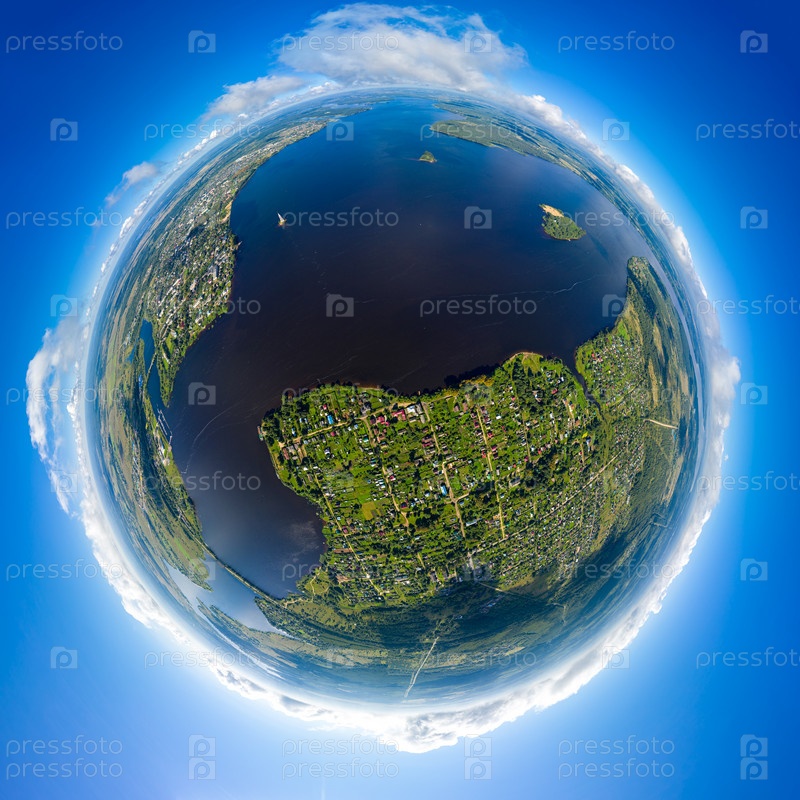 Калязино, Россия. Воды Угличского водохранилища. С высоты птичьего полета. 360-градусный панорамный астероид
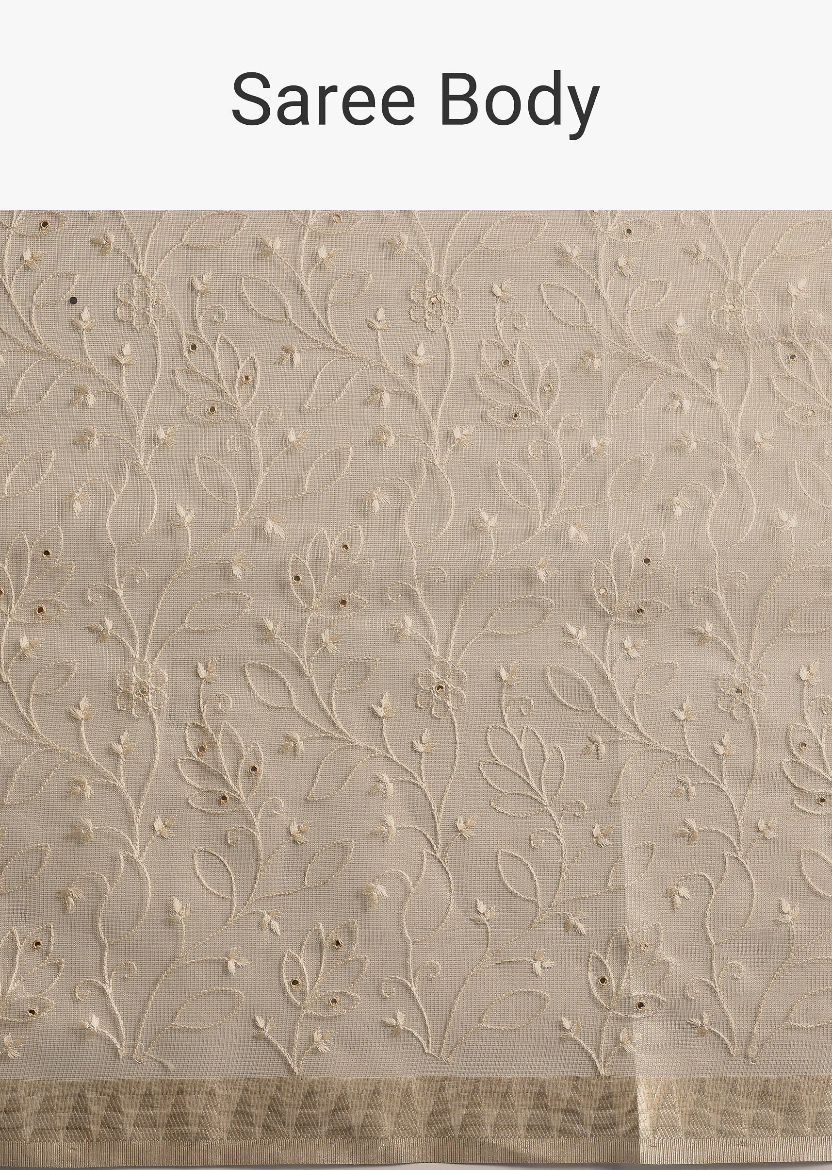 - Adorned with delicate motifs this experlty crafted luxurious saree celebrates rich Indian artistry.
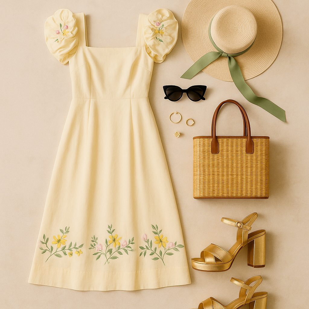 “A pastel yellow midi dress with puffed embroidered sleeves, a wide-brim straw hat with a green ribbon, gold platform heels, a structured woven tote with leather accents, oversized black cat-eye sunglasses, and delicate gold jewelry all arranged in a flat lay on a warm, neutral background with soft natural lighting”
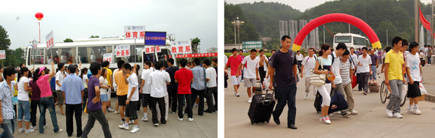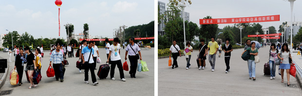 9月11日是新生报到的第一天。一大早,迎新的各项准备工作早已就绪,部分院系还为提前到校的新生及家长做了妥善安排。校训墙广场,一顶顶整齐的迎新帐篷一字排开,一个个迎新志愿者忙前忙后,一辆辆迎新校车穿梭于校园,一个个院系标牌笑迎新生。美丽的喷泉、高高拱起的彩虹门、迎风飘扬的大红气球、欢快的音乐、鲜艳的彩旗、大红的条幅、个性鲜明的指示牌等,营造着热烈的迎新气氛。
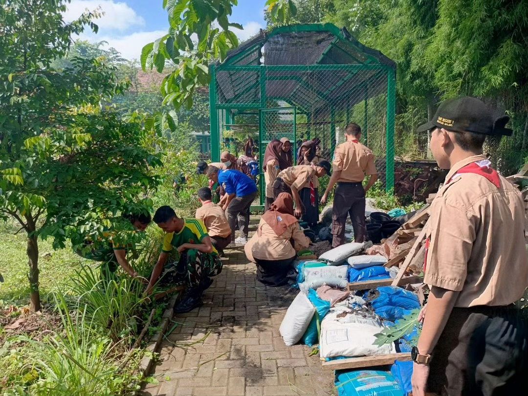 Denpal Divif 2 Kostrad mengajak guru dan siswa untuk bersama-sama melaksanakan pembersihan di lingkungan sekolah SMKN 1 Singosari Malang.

= = = = =

WHAT YOU SHOULD DO: Take only the lines above from the one that has "- Adorned with" through the one that has "9月11日是新生报到的第一天" and reproduce them exactly, omitting any pictures.

FINISHED TASK:
 - Adorned with delicate motifs this experlty crafted luxurious saree celebrates rich Indian artistry.
 “A pastel yellow midi dress with puffed embroidered sleeves, a wide-brim straw hat with a green ribbon, gold platform heels, a structured woven tote with leather accents, oversized black cat-eye sunglasses, and delicate gold jewelry all arranged in a flat lay on a warm, neutral background with soft natural lighting”
 9月11日是新生报到的第一天。一大早,迎新的各项准备工作早已就绪,部分院系还为提前到校的新生及家长做了妥善安排。校训墙广场,一顶顶整齐的迎新帐篷一字排开,一个个迎新志愿者忙前忙后,一辆辆迎新校车穿梭于校园,一个个院系标牌笑迎新生。美丽的喷泉、高高拱起的彩虹门、迎风飘扬的大红气球、欢快的音乐、鲜艳的彩旗、大红的条幅、个性鲜明的指示牌等,营造着热烈的迎新气氛。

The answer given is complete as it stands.